„Schulchroniken sind auch immer die Geschichte des Dorfes, in dem sie geschrieben wurden“, sagt der stellvertretende Schulleiter der OBS Loccum, Werner Völlers. Umso wertvoller ist ihm und Schulleiterin Stephanie Bachmann, dass die OBS von unserem Arbeitskreis eine Transkription der Jahre 1930 bis 1950 ihrer eigenen Schulchronik geschenkt bekommen hat.
Wer kann schon lesen, was vor 100 Jahren handschriftlich aufgezeichnet worden ist? Nur wenige Ältere und einige Spezialisten sind dazu noch in der Lage. In Loccums Oberschule schlummerten wohl auch aus diesem Grund die alten Chroniken zwar wohlverwahrt, aber ungelesen. Bis deren ehemaliger Schulleiter Jürgen Schulz sie sich auslieh.
Als Pensionär hat Schulz begonnen, in unserem pädagogischen Team mitzuwirken. Da dessen Konzept sich immer an den realen Ereignissen in Rehburg-Loccum zur NS-Zeit orientiert, hoffte er auf neue Erkenntnisse aus den Büchern. Die Handschriften ließen aber auch ihn kapitulieren. Woraufhin wir uns entschlossen, Geld in die Hand zu nehmen, um einen Historiker mit der Transkription von 20 Jahren Loccumer Schulgeschichte zu beauftragen.
Das Ergebnis sind rund 90 eng bedruckte Seiten, die von vielem in Loccum und der Welt zur NS-Zeit erzählen. Von Schülern, die selbstverständlich in die Hitler-Jugend überführt wurden, von Bombenangriffen auf Loccum, von dem, was manche als Kapitulation, andere als Befreiung erlebten, als im April 1945 britische Verbände auf Loccum vorrückten. Von Festen und Einschulungen und auch davon, dass Schul- und Kirchenvorstand bereits 1933 neu gebildet wurden, damit „die nationalsozialistische Bewegung nicht nur in Länge und Breite wirkte“. Eine Fundgrube für unsere Pädagogen. „Wir überlegen nun, unser Konzept um den Part „Kindheit und Jugend im Nationalsozialismus“ auszuweiten“, sagt Edith Griese-Hüsemann.
Die Schüler der OBS werden davon profitieren können, denn die Schule hat eine Kooperationsvereinbarung mit uns. Jeder Jahrgang besucht mindestens einmal unsere Geschichtswerkstatt in Rehburg.

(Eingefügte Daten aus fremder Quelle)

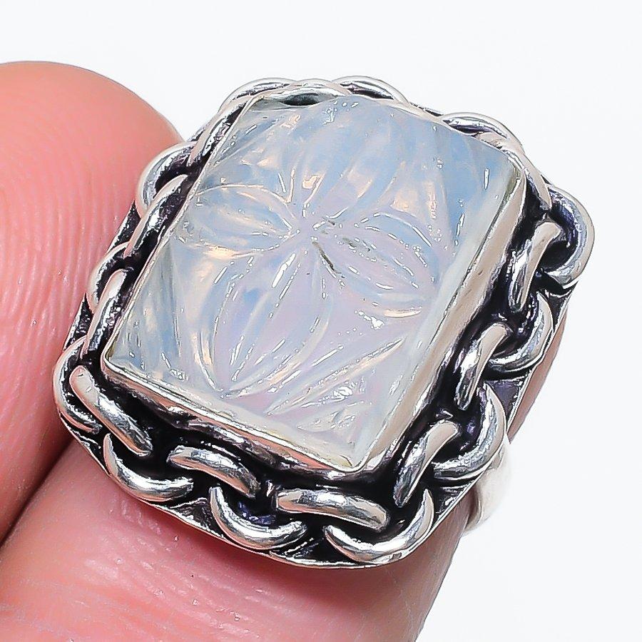 Молочный опал ручной работы серебро 925 пробы ювелирное кольцо размер 5.5 N0w08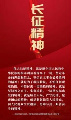 长征精神,红色革命精神之一 ,是中国共产党在二万五千里长征中创造的革命精神。红军指战员在长征途中表现出对革命理想和事业无比的忠诚、坚定的信念,表现出不怕牺牲、敢于胜利的无产阶级革命乐观主义精神,表现出顾全大局、严守纪律、亲密团结的高尚品德,创造了伟大的长征精神。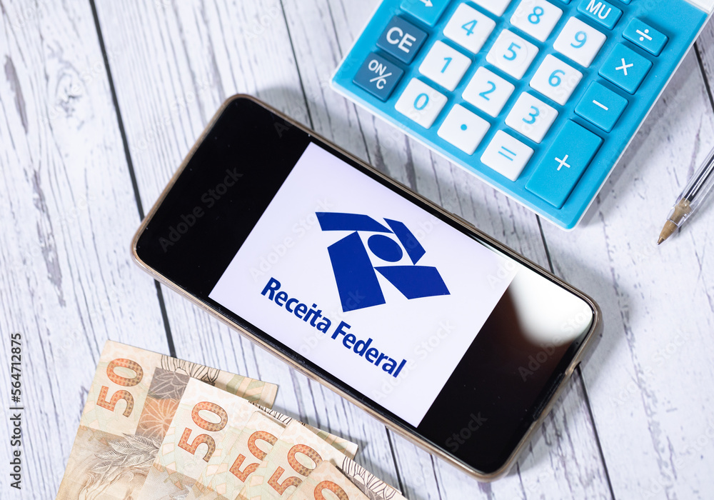 RFB Receita Federal. Um telefone celular com a logo da Receita Federal do Brasil e uma
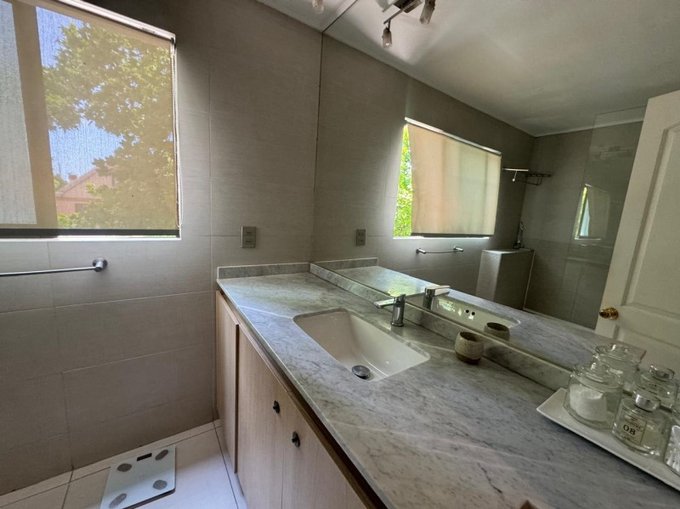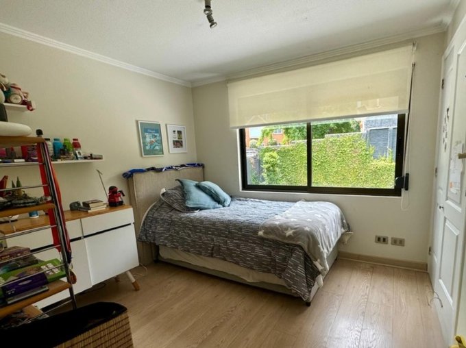 Encantadora casa ubicada en el medio de un tranquilo condominio ubicado en un sector privilegiado de San Carlos de Apoquindo, cercano a plaza de juegos, comercios, locomoción y diversos servicios. Cuenta con 4 dormitorios, 4 baños, sala de estar, escritorio (o 5to dormitorio), servicios completo y agradable patio con quincho y piscina. En perfecto estado de conservación, vale la pena visitar!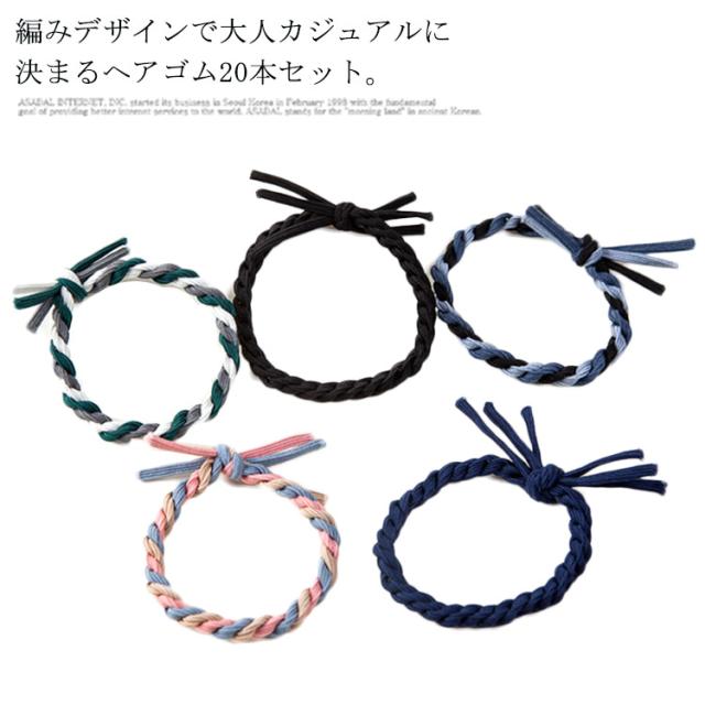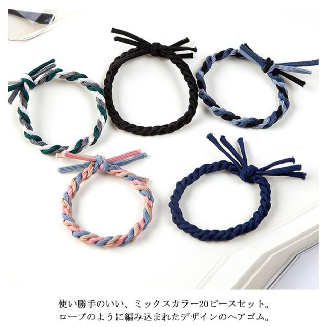 ロープ風ヘアゴム 20本入り 太め ヘアゴム ロープゴム まとめ髪 おしゃれ 跡がつかない 髪ゴム 簡単 ヘアアレンジ ヘアアクセサリー カジュアル シンプル 大人っぽい 可愛い オフィス 通勤 人気 プレゼント 送料無料

In der Schule wollen Bachmann und Völlers die Transkription im Kreis der Geschichtslehrer bekannt machen. „Die eindringlichsten Geschichtsstunden waren immer jene, in denen wir Zeitzeugen aus dieser Zeit bei uns hatten“, berichtet Völlers. Da von diesen Zeitzeugen kaum noch jemand da sei, könne die eigene Chronik nun gut für einen Unterricht herangezogen werden, der deutlich mache, dass Nationalsozialismus nicht irgendwo weit weg war, sondern sich auch im Umfeld der Schüler abspielte. „So können wir den Schülern etwas mit auf den Weg geben, was ihnen gerade in Zeiten, in denen Rechtspopulisten erstarken, dabei helfen kann, nicht so beeinflussbar zu sein“, fügt Bachmann hinzu.